Garbage collection

Plasma now supports garbage collection (GC). It’s a little further ahead in the roadmap but I started work on it as a self-contained task to experiment with live streaming.

Garbage collection will also work along side the new closures and module loading code. Modules and their procedures will be garbage collected, this may sound a little odd but it’s a critical step to allowing hot code loading. While code has live references to it, it is kept, but if the references stop existing, or become dead (because they themselves are no-longer referred to) then that code can safely be freed - no different to normal garbage collection. Hot code loading isn’t a necessary feature (and you won’t find it on the roadmap) but it would be nice to have and this part of it costs very little.

The simplest garbage collector

The current goals are focused around getting the language to a state where it’s easy to demonstrate its unique features and moving towards boot strapping. Having a naive garbage collector allows us to meet these goals sooner, even if it doesn’t perform very well. Therefore the GC is about the simplest I could create, it is a mark/sweep, non-moving, conservative collector. It is about under 400 lines of code including comments and blank lines.

It also has a number of inefficacies that could be improved with not too much effort. For example a single free list is searched during allocation. Allocation could be sped up dramatically by using multiple free lists for objects of different sizes which is common in other collectors.

Where to go from here

This is far from the cutting edge of GC technology. I do have aspirations to get to that cutting edge.

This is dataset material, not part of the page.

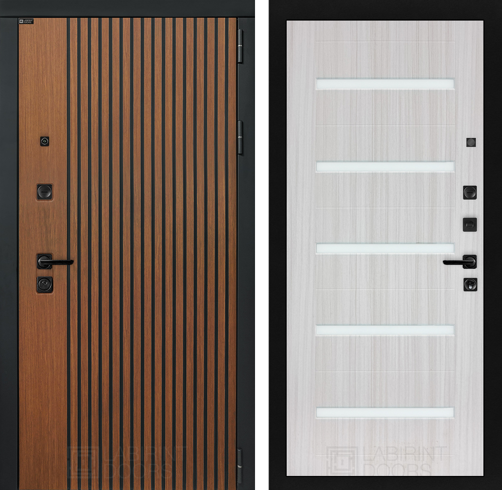 Фурнитура в черном цвете: Броненакладка врезная, накладка со шторкой, глазок , дверная ручка, ночная задвижка. Цилиндр ключ-вертушка (производитель не регламентируется), регулируемый эксцентрик.

However that’s not important today, but being able to reclaim memory is.

We could have used Boehm GC (for example) as a very easy way to add a GC. However, and without intending any disrespect, projects that use Boehm GC as an interim solution seldom find the motivation to replace it with a permanent solution later. Even though it’s be possible to make a collector tuned to their particular needs, since Boehm GC works fairly well the need to replace it is never strong enough to overcome the effort required. Maybe this naive collector will motivate us to work on this in the future.

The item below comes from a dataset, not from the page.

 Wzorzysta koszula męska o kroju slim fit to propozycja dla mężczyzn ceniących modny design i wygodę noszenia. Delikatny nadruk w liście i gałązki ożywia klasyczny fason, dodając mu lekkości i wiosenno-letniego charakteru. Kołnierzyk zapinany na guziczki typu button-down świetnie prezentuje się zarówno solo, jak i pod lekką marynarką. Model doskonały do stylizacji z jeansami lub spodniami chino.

While it’s possible to make some rather good collectors that are conservative and non-moving (we’re curious about the riptide collector) we think this is a limiting factor. An objects' location within the heap can be used to tell the collector different things about that object. A generational collector will often use an object’s location to know how long ago it was allocated (what generation and sometimes what step of that generation it is in). For generational collectors, but also some others, objects will need to be moved eg as they survive each generation.

A moving collector needs to re-write pointers as objects are moved, therefore it needs accurate information about which values are pointers, making it an accurate collector (and not a conservative collector). This can be a difficult thing to retrofit, therefore moving to accurate collection early is an important priority. While generational collection often gives large performance gains, it may be a better test of the GC to implement compacting first. Before making this change we will probably which to revise the heap layout.

Other fairly simple changes are likely to give a big performance boost. For example using multiple free lists for different object sizes.

Conclusion

Plasma programs are less likely to run out of memory, even if the GC isn’t all that fast yet. Please don’t judge it on speed, that wasn’t a goal for this early version.